11. The optical tube coil 11 and the heat sink coil 12 are nested when installed with the optical tube coil 11 on the outside, the optical tube coil 11 facilitating the manufacture of large diameters.

12. The air duct 70 is further arranged and is arranged above the shower plate 20 through the air duct 70, the fan 60 is arranged inside or at the port of the air duct 70, and air is exhausted through the air duct 70, so that air which has just exchanged heat can be conveniently exhausted to a far place, and repeated circulation is avoided.

The above are only specific embodiments of the present invention, and the protection scope of the present invention is not limited thereby; any replacement and improvement made on the basis of not violating the conception of the utility model belong to the protection scope of the utility model.

Claims (10)

1. Annular shower heat exchange device, its characterized in that includes heat exchange coil, shower dish, accepts dish, circulating line and frame, heat exchange coil, shower dish and accept the dish and all install in the frame, heat exchange coil overlooks the orientation and is the loop configuration downwards, heat exchange coil has first port and second port, first port up, the second port is down, the shower dish is installed first port top, it installs to accept the dish second port below, the shower dish with it passes through to accept the dish circulating line UNICOM.

2. The annular shower heat exchanger device of claim 1 wherein the circulation line includes a circulation pipe and a circulation pump body, and the receiving pan, the circulation pump body and the shower pan are connected in series through the circulation pipe.

3. The annular shower heat exchange device of claim 1 further comprising a fan mounted above the first port, the fan being positioned on a line where the central axes of the heat exchange coils coincide.

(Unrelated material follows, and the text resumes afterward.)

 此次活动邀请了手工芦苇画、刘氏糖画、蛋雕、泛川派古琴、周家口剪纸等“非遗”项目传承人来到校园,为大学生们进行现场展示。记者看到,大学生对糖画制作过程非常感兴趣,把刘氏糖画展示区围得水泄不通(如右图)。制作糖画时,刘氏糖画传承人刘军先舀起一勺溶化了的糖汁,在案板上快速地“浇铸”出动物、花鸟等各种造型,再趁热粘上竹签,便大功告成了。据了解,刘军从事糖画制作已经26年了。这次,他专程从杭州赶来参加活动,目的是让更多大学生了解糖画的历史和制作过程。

4. The annular shower heat exchange device according to claim 3, wherein a circular through hole is formed in the middle of the shower plate, the shower plate is in an annular structure, the outer diameter of the annular shower plate is larger than or equal to the outer diameter of the heat exchange coil, the inner diameter of the annular shower plate is smaller than or equal to the inner diameter of the heat exchange coil, and the outer diameter of the receiving plate is larger than or equal to the outer diameter of the shower plate.

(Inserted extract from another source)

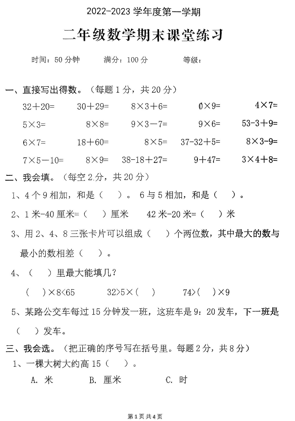 二年级数学苏教版上册期末卷

5. The annular shower heat exchange device of claim 4 wherein said fan is mounted within or above the inner diameter of said annular shower plate.

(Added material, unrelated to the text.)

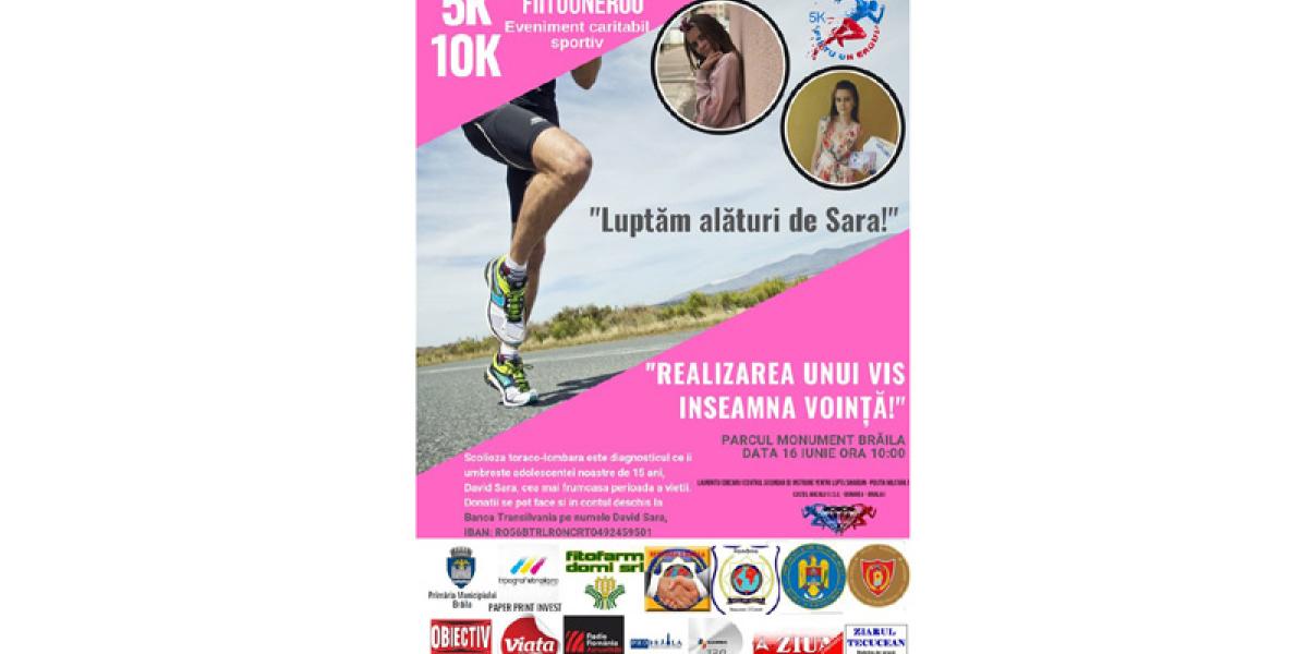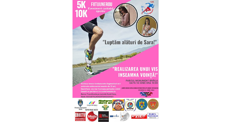 “Realizarea unui vis înseamna voinţă! Voinţa este elementul de care avem nevoie să «Luptăm alături de Sara!», duminică, 16 iunie, în Parcul Monument din Brăila, începând cu ora 10.00”. Acesta este îndemnul alergătorilor Laurenţiu Cobzaru şi Costel Mazâlu pentru brăileni, cei doi organizând un nou cros caritabil pentru a veni în ajutorul copiilor care se confruntă cu probleme grave de sănătate.

6. An annular shower heat exchange device according to any one of claims 1 to 5, wherein the heat exchange coil comprises a light pipe coil and a heat sink coil, the light pipe coil is formed by spirally bending a heat exchange tube, the heat sink coil has a layer of heat sink fins on an outer surface of the heat exchange tube, the heat sink fins extend outwardly, the heat exchange tube having the heat sink fins is spirally bent to form the heat sink coil, and the light pipe coil and the heat sink fin coil are connected.

7. The annular shower heat exchange device of claim 6 wherein the light pipe coil is in parallel with the inlet end of the heat sink coil or the light pipe coil is in series with the inlet end and the outlet end of the heat sink coil.

8. the annular shower heat exchange unit of claim 6 wherein the light pipe coil is nested with the heat sink coil, the light pipe coil being on the outside and the heat sink coil being on the inside.

9. an annular shower heat exchange device according to any one of claims 1 to 5, wherein the heat exchange coil comprises a light pipe coil formed by spirally bending a heat exchange tube.

10. The annular shower heat exchange device of claim 9 wherein the heat exchange coil is provided with a plurality of sets of heat exchange tubes, each set of heat exchange tubes having a diameter that increases progressively when coiled in a spiral pattern, the plurality of sets of heat exchange tubes being nested.